__About this task__. The copy should begin at the line containing "Für Fragen zu" and end at the last line of the material. Please reproduce those lines exactly and keep pictures out.

Start of Material supplied

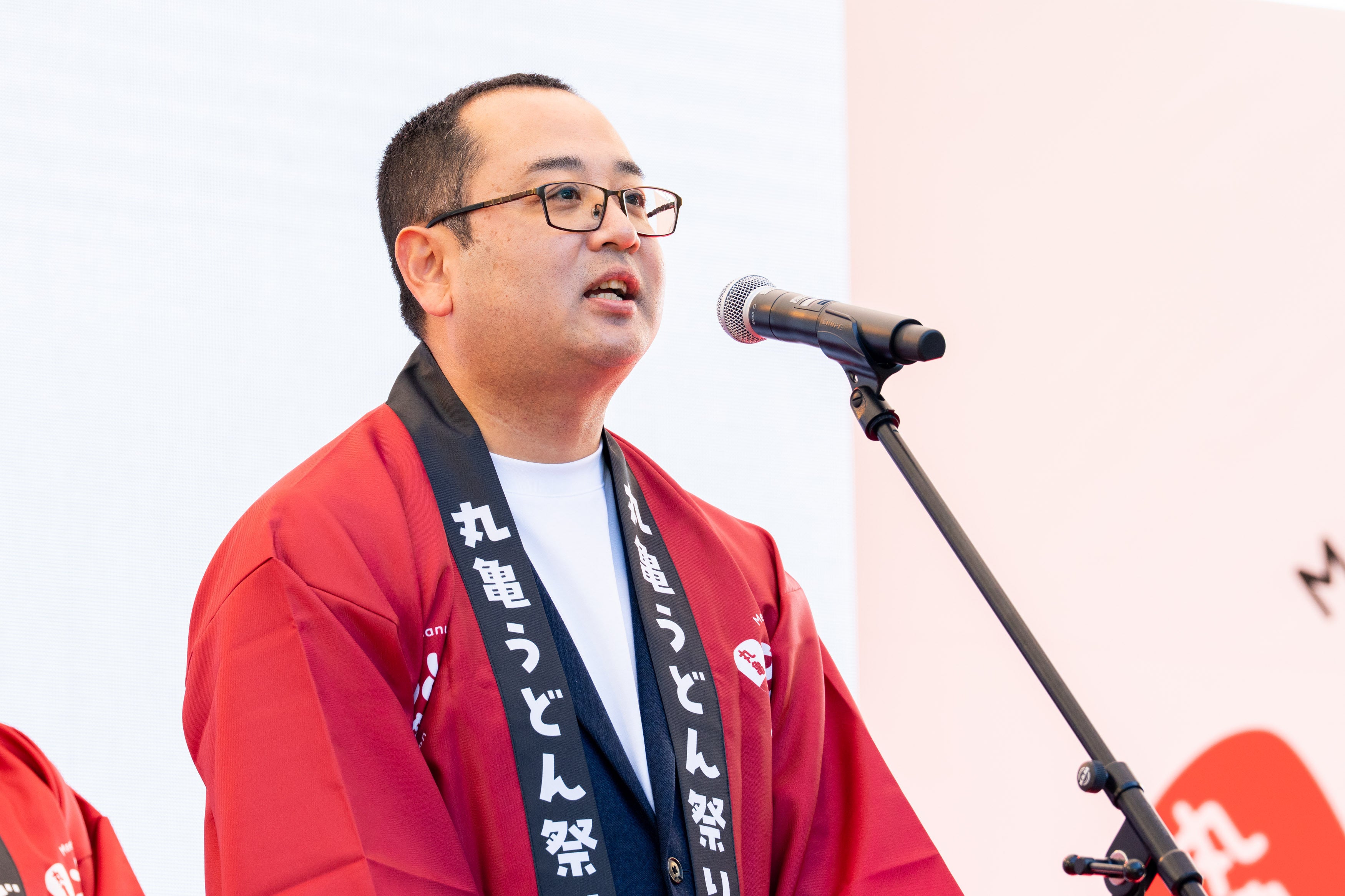 そして、開催にご協力頂いた7団体の皆さまからのご挨拶や「丸亀うどん祭り2025」2日間のイベント内容についてご紹介の後、開幕セレモニーを実施。丸亀製麺 ブランドアンバサダーの上戸 彩さんによる「丸亀うどん祭り2025 開幕です!」という宣言のもと、“うどん”くす玉が弾けました。
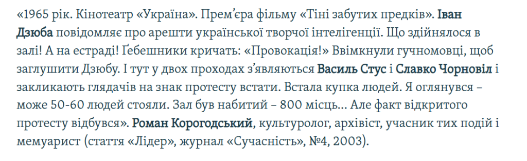 - Публічний протест у кінотеатрі «Україна» в Києві під час показу фільму Сергія Параджанова «Тіні забутих предків» (В.Стус, В.Чорновіл, І.Дзюба)
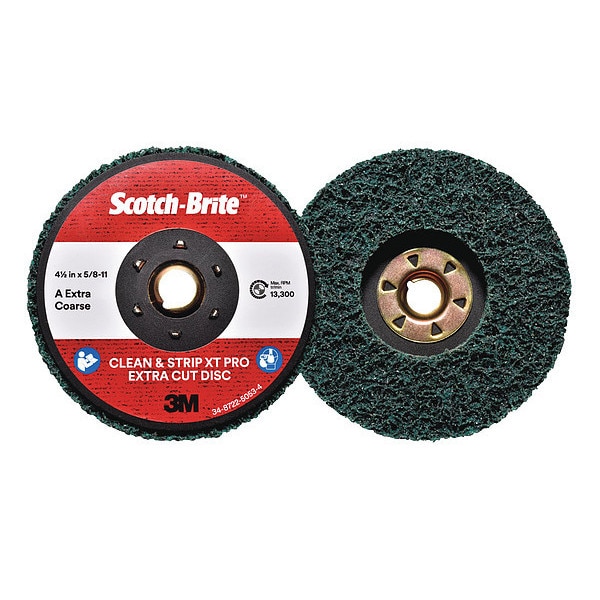 Non-Woven Depressed Center Disc, Abrasive Material Aluminum Oxide, Grade Extra Coarse, Overall Diameter 4 1/2 in, Series CX-DN, Maximum Operating Speed 13,300 RPM, Connector Size 5/8 In.-11, Connector Type Threaded Hole, Abrasive Type Non-Woven, Backing Material Nylon Mesh, Color Green, Disc Shape Type Type 27, Quick Change System TN, Resistance Properties Load
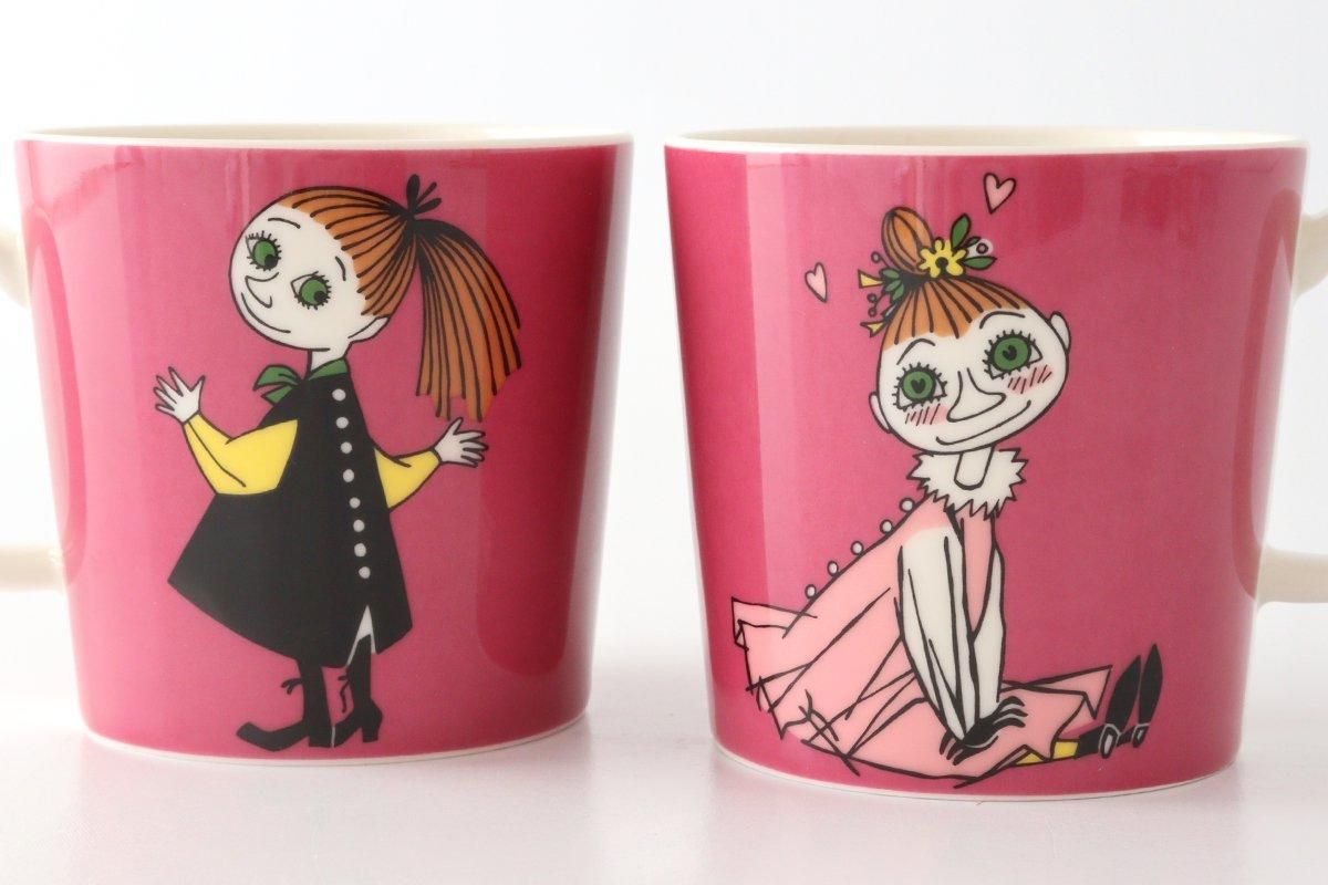 ピンクの背景にムーミンとスノークのお嬢さんが描かれたマグカップです。
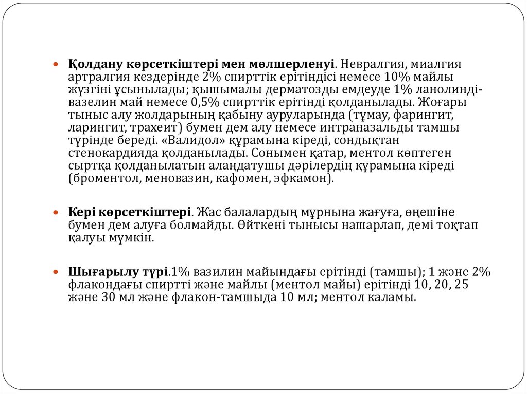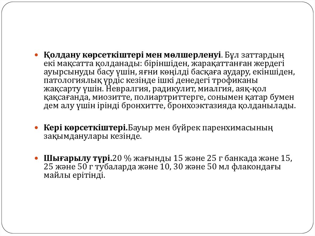 Қолдану көрсеткіштері мен мөлшерленуі. Невралгия, миалгияартралгия кездерінде 2% спирттік ерітіндісі немесе 10% майлы
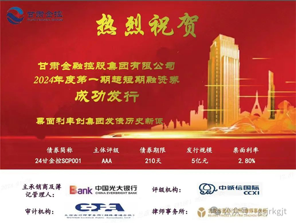 1月26日,甘肅金控集團成功發行2024年度第一期超短期融資券,發行規模5億元,債券期限210天,票面利率2.80%,再創發行債券融資利率新低。
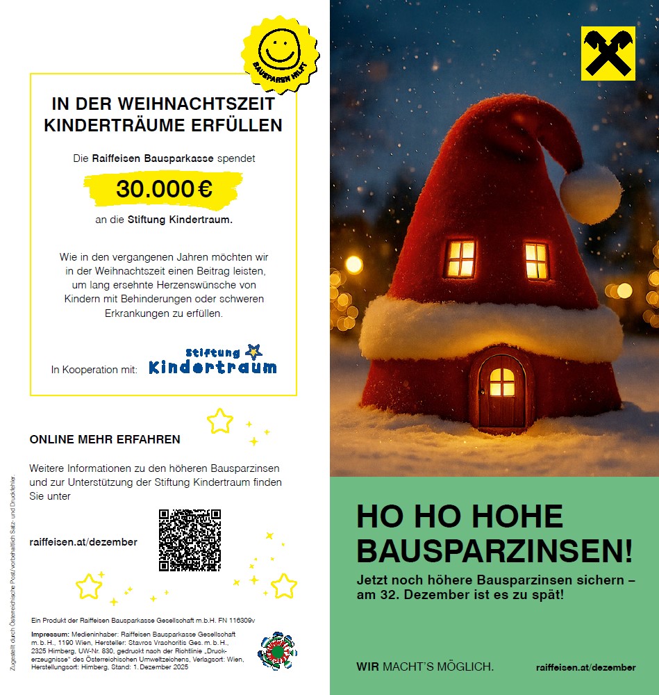 Für Fragen zu dieser Kampagne steht Ihnen Frau Julia Moritz, MSc– E-Mail: julia.moritz@raibau.at, Tel.: +43 (1) 546 46-2818 –gerne zur Verfügung.
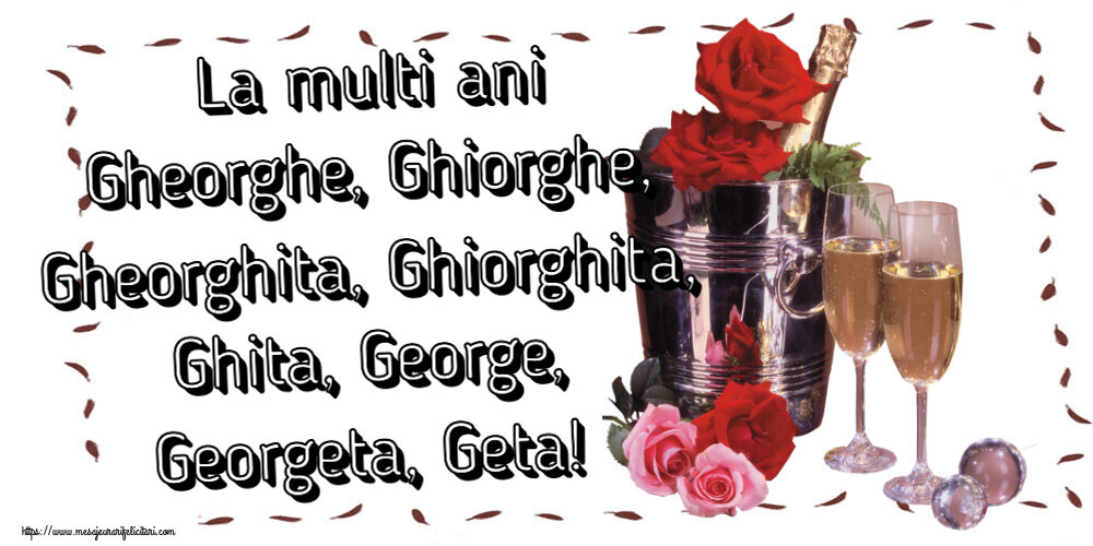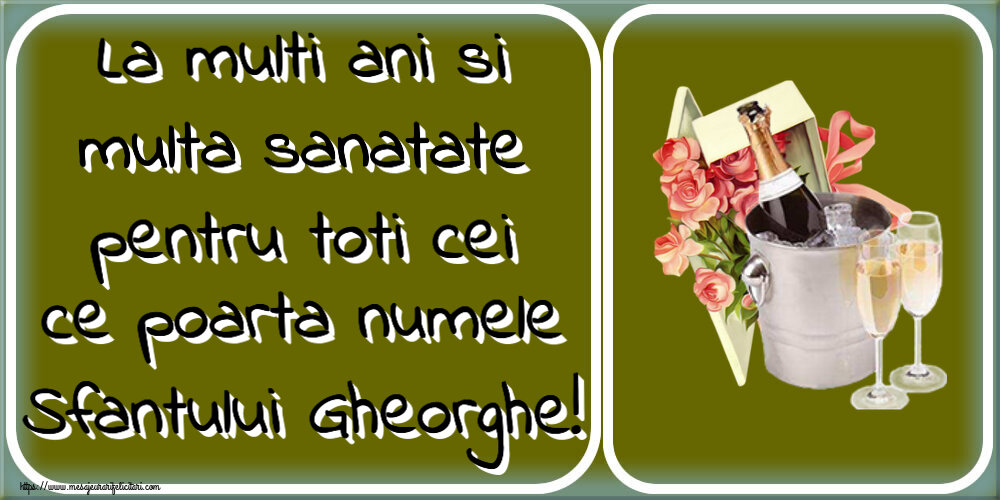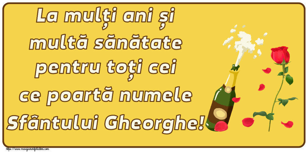 Felicitarea Anterioara Felicitarea Urmatoare Sfantul Gheorghe (602) Felicitari cu flori Felicitari cu sampanie

End of Material supplied

__Response__.
 Für Fragen zu dieser Kampagne steht Ihnen Frau Julia Moritz, MSc– E-Mail: julia.moritz@raibau.at, Tel.: +43 (1) 546 46-2818 –gerne zur Verfügung.
 Felicitarea Anterioara Felicitarea Urmatoare Sfantul Gheorghe (602) Felicitari cu flori Felicitari cu sampanie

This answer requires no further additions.